A VTK filter “owns” its output. So every time you update a filter, it will overwrite its output. With filters like vtkImageReslice, repeated updates generally don’t require any memory to be freed or allocated, so the memory is simply reused. This is very efficient when VTK is used to build dynamically updating pipelines (which is what VTK was originally designed for).

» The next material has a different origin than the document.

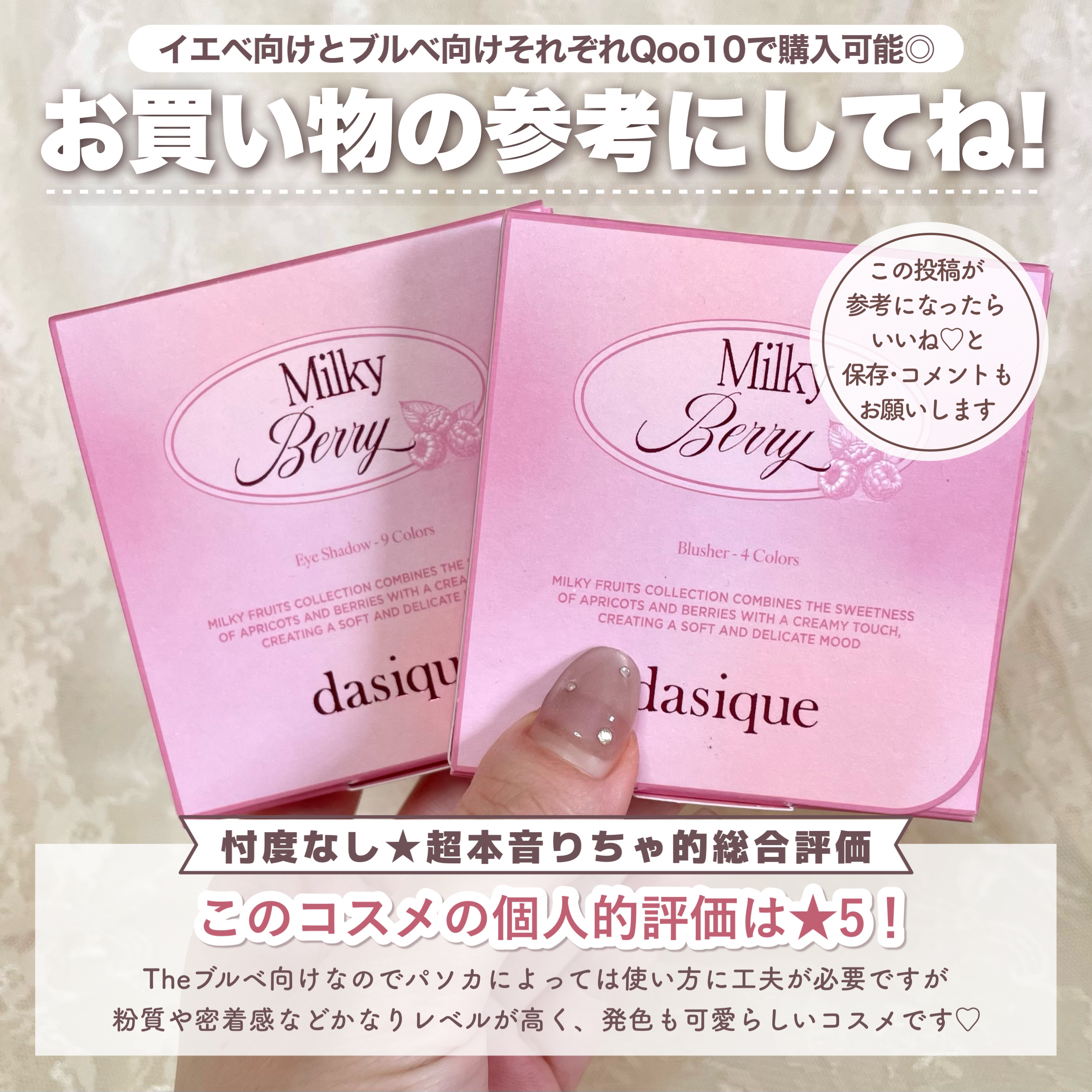 Dasique🍓ミルキーフルーツコレクション🫐アイシャドウパレット:33ミルキーベリーブレンディングムードチーク:19ミルキーベリーデイジーク新作でベリーメイク!ミルキーベリーはブルベ向けのカラーです(イエベ向けのミルキーアプリコットもあるよ...

I recommend against using RotateWXYZ(90, 0, 1, 0) to create a permutation transformation since it’s inexact:

>>> transformY.RotateWXYZ(-90, 0, 1, 0)
>>> print(transformY.GetMatrix())
vtkMatrix4x4 (0x561682cac8e0)
  Debug: Off
  Modified Time: 112
  Reference Count: 2
  Registered Events: (none)
    2.22045e-16 0 -1 0 
    0 1 0 0 
    1 0 2.22045e-16 0 
    0 0 0 1 

You can build the permutation transformation directly:

const double permutationY[16] = {
  0.0, 0.0,-1.0, 0.0,
  0.0, 1.0, 0.0, 0.0,
  1.0, 0.0, 0.0, 0.0,
  0.0, 0.0, 0.0, 1.0,

One reason for doing this is that the vtkImageReslice code has a fast path specifically for permutation matrices.

1 Like

Thank you again for taking your time to answer and explain.

This means even when updating a filter, receiving it’s output for a vtkImageData object, updating it again, and receiving the output for another vtkImageData object again, the content for both will be same because the smart-pointer points to the address of the filters content, which will then be the same for both images, logically?

I will adjust my code according to you suggestion concerning the permutation matrix, interesting detail. Thanks!

Edit: The performance improvement using a permutation matrix is incredibly, thank you!